### Source data:
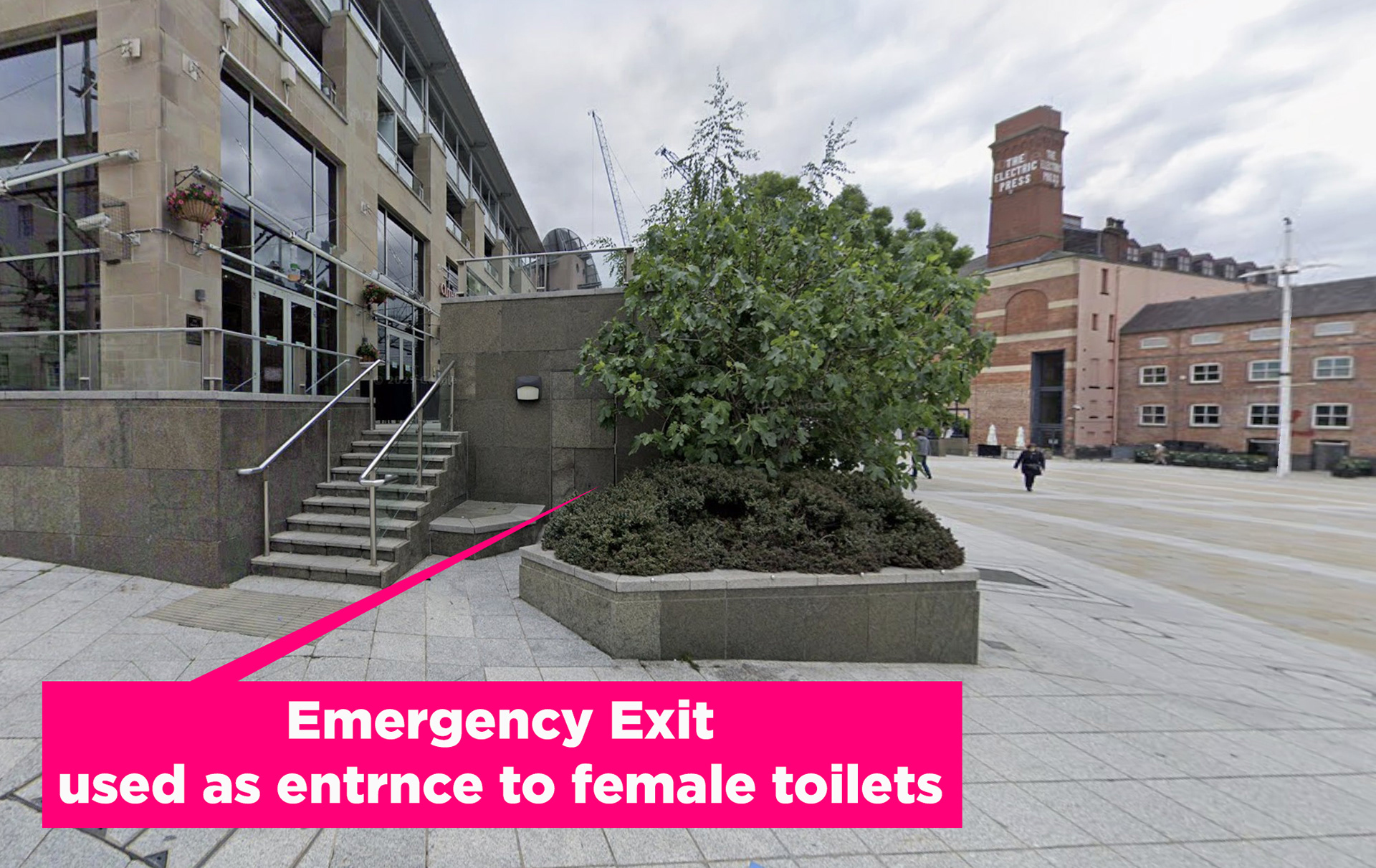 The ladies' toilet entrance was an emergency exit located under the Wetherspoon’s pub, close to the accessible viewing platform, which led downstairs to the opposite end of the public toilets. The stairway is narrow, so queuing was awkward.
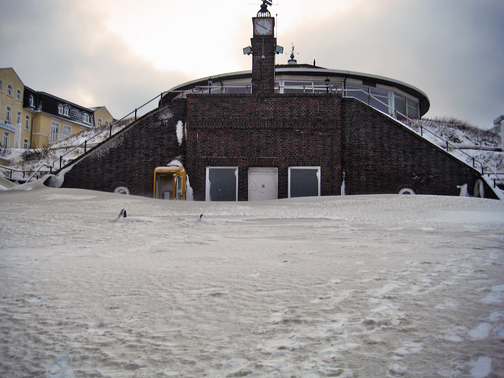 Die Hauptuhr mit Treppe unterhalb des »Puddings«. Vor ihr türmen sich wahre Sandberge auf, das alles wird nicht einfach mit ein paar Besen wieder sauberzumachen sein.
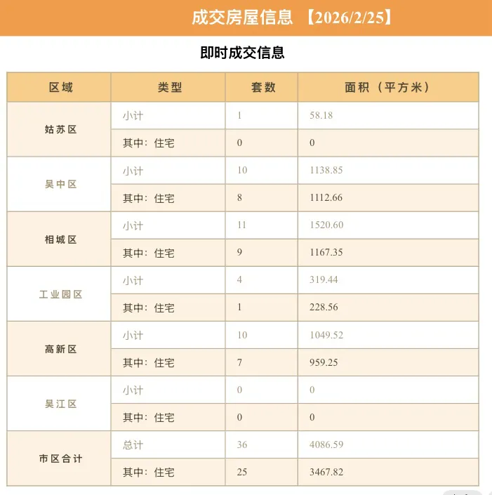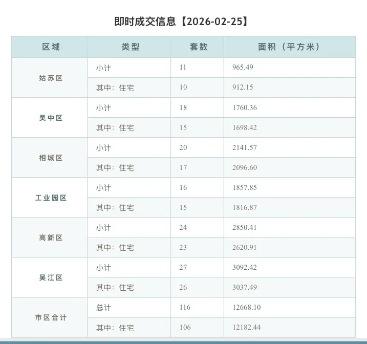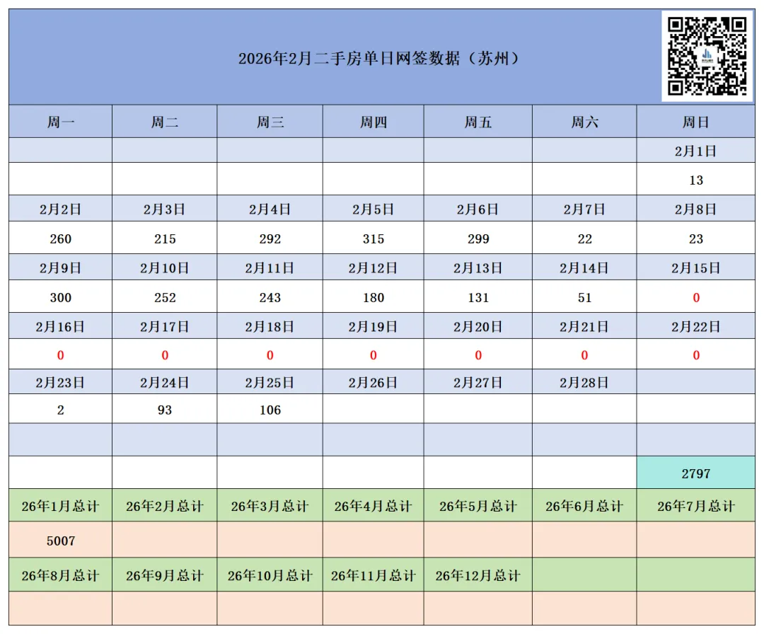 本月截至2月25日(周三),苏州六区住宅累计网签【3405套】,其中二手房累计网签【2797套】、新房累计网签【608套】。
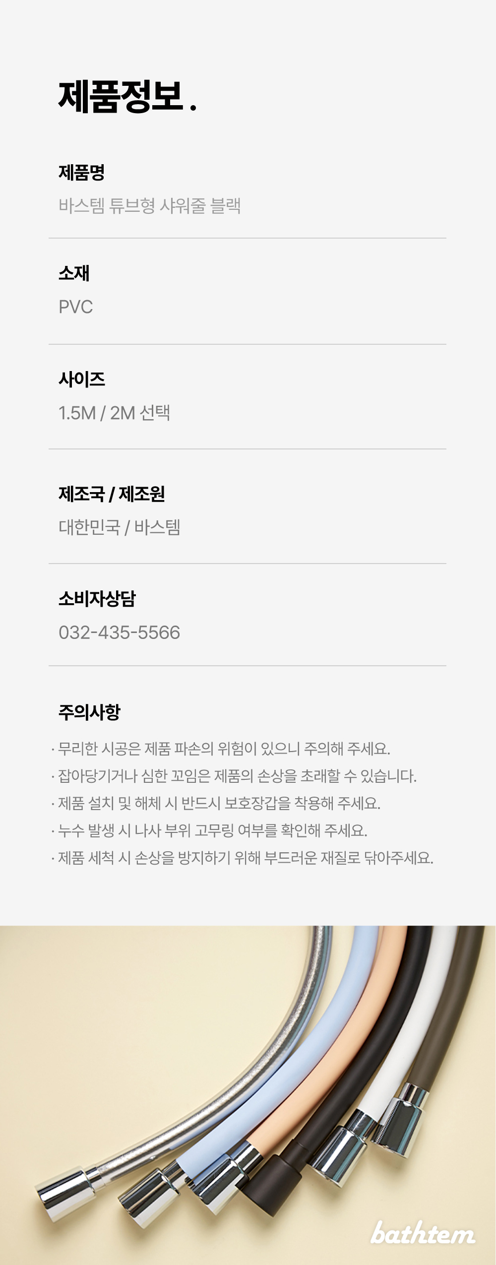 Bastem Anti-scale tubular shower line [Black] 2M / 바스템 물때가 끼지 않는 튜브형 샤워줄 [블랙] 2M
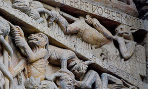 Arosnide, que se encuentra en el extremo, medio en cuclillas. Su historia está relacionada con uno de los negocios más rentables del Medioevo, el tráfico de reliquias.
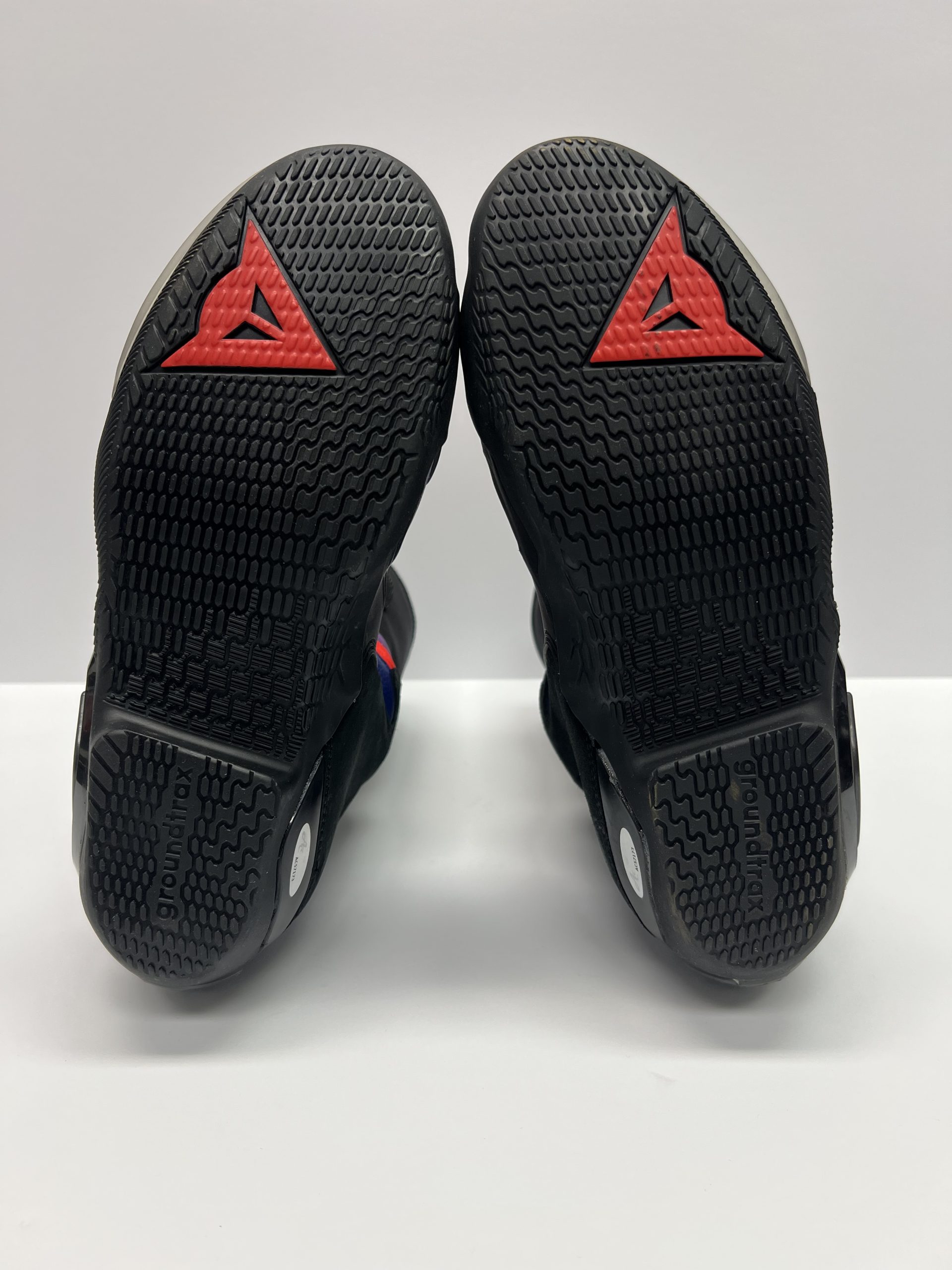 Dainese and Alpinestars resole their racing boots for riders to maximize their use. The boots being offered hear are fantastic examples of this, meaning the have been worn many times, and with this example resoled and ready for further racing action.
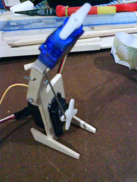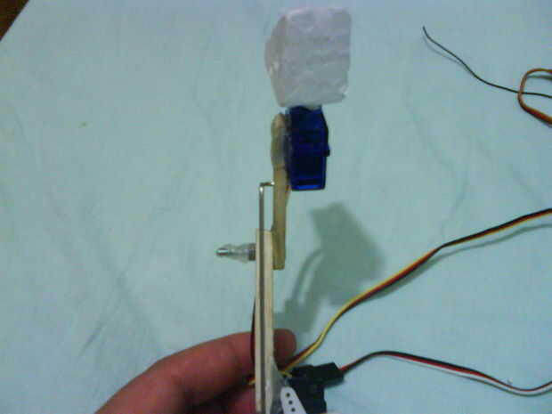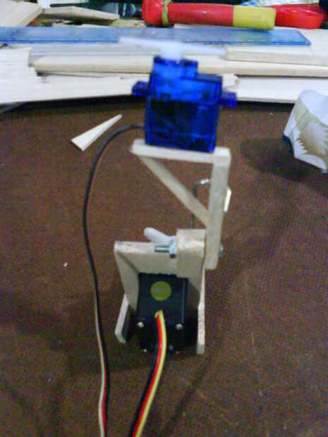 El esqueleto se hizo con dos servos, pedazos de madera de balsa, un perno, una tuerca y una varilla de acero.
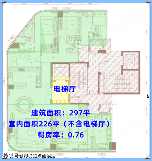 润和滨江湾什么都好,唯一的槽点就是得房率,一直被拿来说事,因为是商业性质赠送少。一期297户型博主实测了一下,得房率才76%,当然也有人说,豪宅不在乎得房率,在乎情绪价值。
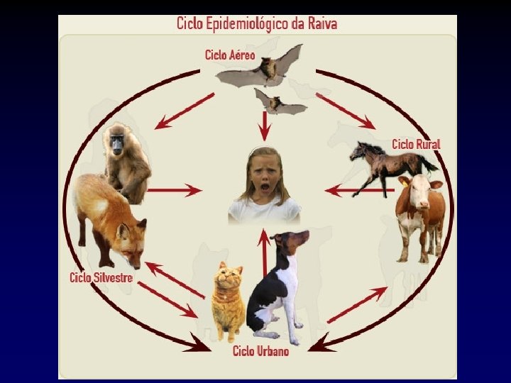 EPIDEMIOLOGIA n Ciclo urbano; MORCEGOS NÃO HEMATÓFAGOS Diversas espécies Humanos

### Task details:
Repeat verbatim the lines from the one with "本月截至2月25日(周三),苏州六区住宅" through the end of the listing above. Include both ends, add nothing, and exclude the pictures.

### Solution below:
 本月截至2月25日(周三),苏州六区住宅累计网签【3405套】,其中二手房累计网签【2797套】、新房累计网签【608套】。
 Bastem Anti-scale tubular shower line [Black] 2M / 바스템 물때가 끼지 않는 튜브형 샤워줄 [블랙] 2M
 Arosnide, que se encuentra en el extremo, medio en cuclillas. Su historia está relacionada con uno de los negocios más rentables del Medioevo, el tráfico de reliquias.
 Dainese and Alpinestars resole their racing boots for riders to maximize their use. The boots being offered hear are fantastic examples of this, meaning the have been worn many times, and with this example resoled and ready for further racing action.
 El esqueleto se hizo con dos servos, pedazos de madera de balsa, un perno, una tuerca y una varilla de acero.
 润和滨江湾什么都好,唯一的槽点就是得房率,一直被拿来说事,因为是商业性质赠送少。一期297户型博主实测了一下,得房率才76%,当然也有人说,豪宅不在乎得房率,在乎情绪价值。
 EPIDEMIOLOGIA n Ciclo urbano; MORCEGOS NÃO HEMATÓFAGOS Diversas espécies Humanos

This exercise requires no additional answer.